Mr Stonor also submitted that the judge misstated and gave undue weight to the evidence of Dr Flowers and gave insufficient weight to the evidence of the experts instructed specifically for the purposes of the proceedings. As to the judge’s understanding of Dr Flowers’ evidence, Mr Stonor submitted that Dr Flowers did not give evidence, as set out in the judgment, that she “now favours a combination of smothering/suffocation and chest compression as the probable cause” so that the judge’s conclusion that “it most likely … involved some form of compression and suffocation and smothering” was not supported by the evidence.
Further, he pointed to the approach which appeared to have been taken by Dr Flowers when she based her conclusion on the absence of any medical or any other plausible explanation. He acknowledged in fairness to Dr Flowers that she was not directly asked at the hearing where an unexplained aetiology fitted into her reasoning. However, he relied on what Hedley J said in Re R (Care Proceedings: Causation) [2011] 2 FLR 1384, at [19], about it being “dangerous and wrong to infer non-accidental injury merely from the absence of any other understood mechanism”, when submitting that Dr Flowers evidence had been given undue weight by the judge.
Mr Stonor also questioned the judge’s approach to what she called “gaps in the evidence”. In his submission they were not gaps but features of the evidence which needed to be taken into account and with which the judge needed to engage to explain because they pointed against the judge’s conclusions. In particular, the fact that the doctors were “unable to provide an easy ‘fit’ for a mechanism by which all the petechiae were caused and the absence of other injuries”. Mr Stonor submitted that the judge did not explain how these features were outweighed by the other evidence. Nor, he submitted, did the judge engage with other aspects of the evidence which did not support the conclusion that the “most likely” mechanism involved both compression and suffocation or smothering.
Ms Woolrich supported the father’s submission that the judgment does not sufficiently explain why the judge found that F’s presentation “fitted with an inflicted injury”. For example, Ms Woolrich pointed to Dr Bolton’s evidence about how difficult it would have been for the father to have held F with sufficient pressure while at the same time smothering her so as to cause the clear sparing on her face. She also referred to the circumstances in which the inflicted injury would have had to have been caused. This was at the same time as the father was changing F’s nappy and when he called for the mother within, at most, a few minutes by which time F was not notably distressed.
On the issue of expert evidence and section 13, Ms Woolrich submitted that there are many cases in which the only medical evidence will be that given by a treating clinician.
This is not necessarily linked to the difficulty in finding experts willing to act but more typically because no further or other expert evidence is required. She, therefore, cautioned against the courts taking too literal a view of the scope of section 13 and of the need to comply with the requirements of Part 25.
Ms Howe on behalf of the Local Authority submitted that the judge made no error in her determination. She submitted that the judge was entitled to prefer the evidence of Dr Flowers and that, based on her assessment of this and the rest of the evidence, she was entitled to make the finding which she did. The judge had in mind the possibility of an unknown medical cause and expressly referred to this as being a potential determination.
Ms Howe accepted that the judge had not undertaken a detailed analysis of the means by which F’s presentation could have been caused. She also accepted that Dr Flowers did not put forward a combination of smothering/suffocation and chest compression as “the probable cause”. However, she submitted that, viewed as a whole, the judgment contains a sufficient analysis of the evidence and explains why the judge reached the conclusion that the petechial haemorrhages were “inflicted”.

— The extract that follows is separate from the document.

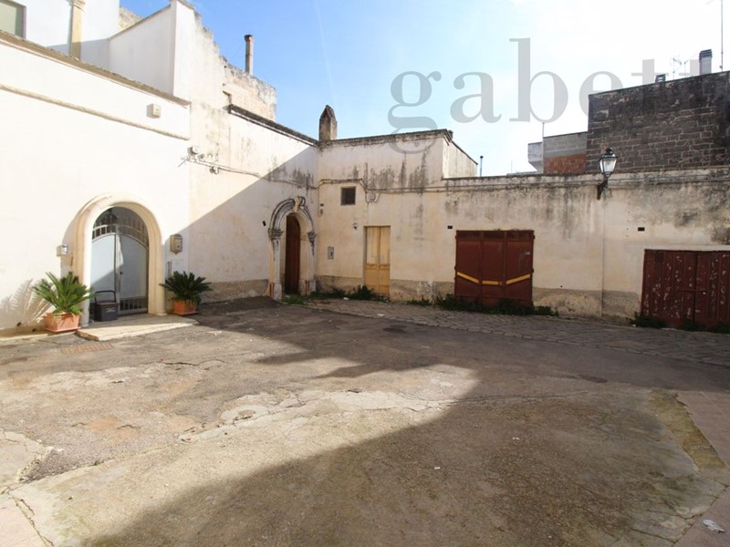 Abitazione d'epoca a pochissimi metri dalla centralissima via C. Mariano a Copertino. L'immobile, strutturalmente solido, necessita tuttavia di interventi di rifacimento e restauro; misura circa 450 mq. ed è suddiviso in 14 vani di cui 12 al piano terra e 2 al primo piano, tutti recanti volte a stella, a botte e a crociera. Precede l'ingresso all'abitazione una corte riservata antistante di circa 20 mq., oltre ad una corte interna di pertinenza di ulteriori 90 mq. ed un giardino di esclusiva proprietà esteso per 600 mq. circa. Rif.: CO 104a.

Mr Gray on behalf of the Guardian submitted that the appeal should be dismissed. During the course of his submissions he also accepted that Dr Flowers had not given oral evidence to the effect that the combination of forces referred to above was the probable cause.
Section 13 and Part 25
I do not consider it necessary to set out these provisions. Nor do I consider it necessary to do more than record that we were referred to a number of authorities including Oldham Metropolitan Borough Council v GW and PW [2007] 2 FLR 597; Oxfordshire County Council v DP, RS & BS [2008] 2 FLR 1708; Re H-L (Expert Evidence: Test for Permission) [2013] 2 FLR 1434; Re D (Children) [2015] EWCA Civ 749; and Re AD & AM (Fact-Finding: Rehearing) [2016] EWHC 2912 (Fam).

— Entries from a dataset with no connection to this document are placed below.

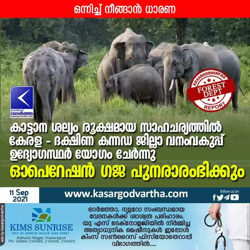 കാട്ടാന ശല്യം രൂക്ഷമായ സാഹചര്യത്തിൽ കേരള - ദക്ഷിണ കന്നഡ ജില്ലാ വനം വകുപ്പ് ഉദ്യോഗസ്ഥർ യോഗം ചേർന്നു; ഒന്നിച്ച് നീങ്ങാൻ ധാരണ; ഓപെറേഷന്‍ ഗജ പുനരാരംഭിക്കും
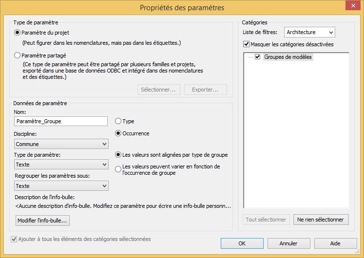 Il n'est pas possible d'ajouter des paramètres aux groupes.
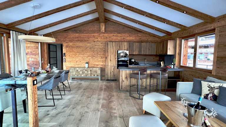 Die Unterkunft verfügt über vier Schlafzimmer und vier Badezimmer. Die Ausstattung umfasst Bettwäsche, Handtücher, einen Flachbild-TV, einen Essbereich sowie eine voll ausgestattete Küche. Eine Terrasse mit Blick auf die Berge ergänzt die Räume und bietet zusätzlichen Komfort für die Gäste.

We were also provided with copies of the Guidance on Paediatricians as Expert Witnesses, August 2018 issued by the Family Justice Council and the Royal College of Paediatrics and Child Health and of the Guidance for Healthcare Professionals on Acting as an Expert or Professional Witness, May 2019 issued by the Academy of Medical Royal Colleges.
Determination
I first, again, acknowledge that this was a very difficult case. I would also observe, without in any way being critical of any of the medical witnesses, that it is not easy to summarise the effect of the medical evidence. With the benefit of hindsight, the process by which this evidence was obtained could be said to have led to the picture becoming more diffuse rather than clearer. It may be that this was because of the difficulties present in the case but I have a concern that it was at least in part due to the way in which the evidence was obtained from the doctors. When adopted, the process of reports, meeting and oral evidence, will typically be sufficient to obtain the necessary evidence but in this case it might have been helpful for a summary of the effect of the evidence (not necessarily as formal as points agreed and disagreed but something along similar lines)
to have been prepared by the Guardian’s solicitor following the meeting for the doctors’ consideration and agreement.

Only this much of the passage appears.